Forget that posting below. The person has already been arrested by a BRONZE security agent and is awaiting proper punishment, which will be intense, LENGHTY and merciless.

That's what you get for hacking ME!
Well, lookie here.......Da Goddess has arrived. Get invited...no wait....make that...I STOLE the Gutdude's blog! Yeeeeehaw! There's no stopping me now! Get away from your screens if you can't take the screams.

Mr. Acidman Mars is one lucky guy..........spending all this time with me. He hasn't stopped laughing or smiling since the first spanking. And, there are plenty more to come. Sigh.........he's a kinky cracker.

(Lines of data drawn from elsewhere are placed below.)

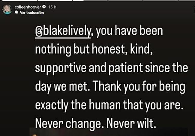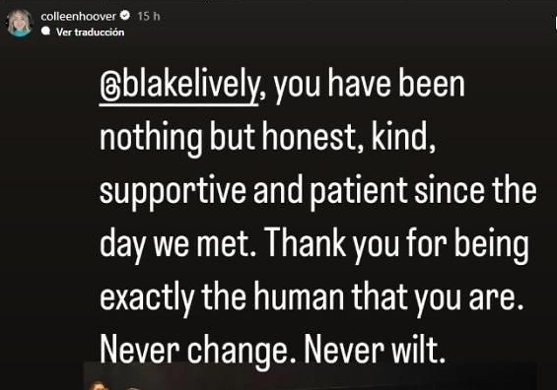 Una de las primeras en hacerlo fue Colleen Hoover, autora de la novela en la que se basa la película en la que se generó el conflicto entre los protagonistas. La escritora utilizó sus redes sociales para manifestar su apoyo, publicando una foto de Blake y escribiendo: «Gracias por ser exactamente el ser humano que eres. Nunca cambies. Nunca te marchites».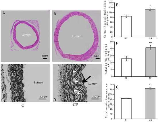 The closeups showed differences in the structure of the aortic wall between the C group and CP, distinguished in more detail (Figure 2A–D). A defined and organized structure of the aortic wall was identified in the controls. In contrast, the structure of the aortic wall of the CP aortas presented disorganization, wavy EF (1.8%) without reaching a statistically significant difference, and alterations in the smooth muscle, in which decellularization and aneurysms were observed, mainly in the central part of the media. The values of total lumen area, total area and aortic wall thickness are greater in the CP group when compared to control group (Figure 2E–G, respectively).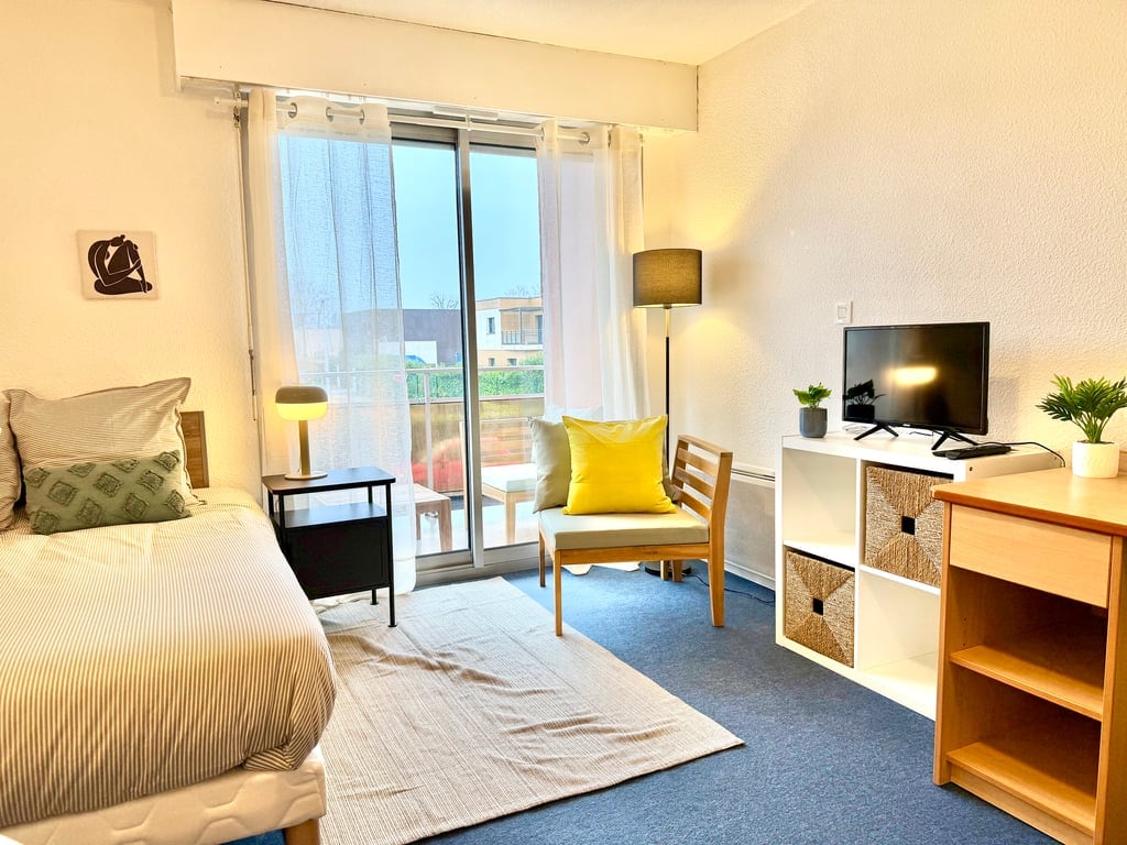 Cottage dúplex de 40 m² para 4 personas situado en una encantadora residencia muy tranquila. Situado cerca del Domaine de Limère con un campo de golf de 18 hoyos y balneadas, centro de balneoterapia y bienestar, tendrá 1 dormitorio, 1 sofá cama y 1 baño. También puede disfrutar de un espacio privado al aire libre con una pequeña terraza. Ideal para golfistas, familias y viajes de negocios. Las sábanas y toallas están incluidas, ¡WIFI gratuito!

Actually, the Gut is a Southern Gentleman. Most times. Bronze God all the time. We've been lucky enough to share some fine conversation and, yes, he had white zin.......I stuck with Jack and Coke. There were those beers out at the pool........mmmmmmmmmmmm......I do enjoy a cold one. I don't know yet whether he dances like a fucktard because he refused to go to the class today. Yeah, they had dancing lessons. Go figure. They act like this is the freakin' Catskills. As much as I like Johnny Castle, Acidman is just much more fun. Not nearly the brooding oaf that Patrick Swayze was in Dirty Dancing........

This keyboard is FAR too high up for me to type quickly or accurately. And, I have to get this in before Rob gets back. Heaven forbid he should find out I commandeered his blog. Shhhhhhhhhhhhhhhhhh.....don't tell him. It'll be our little secret. He never reads the old stuff anyway.

If I get the chance later, I will most certainly tell you more about this elusive and sexy creature. But, now, I have to go rescue him from the environmentalists and the lady from Yankeeland. She's been all over him since the minute we got here. Damn! It's scary. She's got red toenails..........but that's about the only thing going for here. (My suspicions are that the toes underneath that polish are so hideous that he wouldn't dare put those babies in his mouth.......Poor thing.......has no idea what she's missing!)
Hmmm... I have found the "Business Center" here at the resort, where I can pretend to be doing serious business while I blog. As long as I keep a serious expression on my face, everybody believes that I'm communicating with my boss, swinging million-dollar business deals and swapping dollars for euros, or some such shit.

You would never guess WHO I MET HERE, just by accident. It's a SMALL WORLD, isn't it?

Sunday, August 18, 2002

Okay, I'm outta here. See ya'll about Thursday!
I'm packing for my "fake-asian" at Daytona Beach and I'm pretty sure I have everything I need. Two bathing suits, Phantom Warriors by Gary A. Linderer, suntan lotion and my new and improved fix-a-flat kit, just in case I get lucky. Oh yeah... a razor and a toothbrush, too. Nail clippers, moustache sissors and my 2" pocketknife in case I lock myself out of the condo and have to break in. Clean drawers. A couple of pairs of shorts and some tee shirts. That should do it.

If I forget anything, I'll bet I can find a Wal-Mart and remedy that problem.
Here's something to curdle your grits... MICHAEL JACKSON as The Picture of Dorian Gray.

I borrowed this from THE GROUP CAPTAIN and I just wonder if it made HIS skin crawl the way it did mine.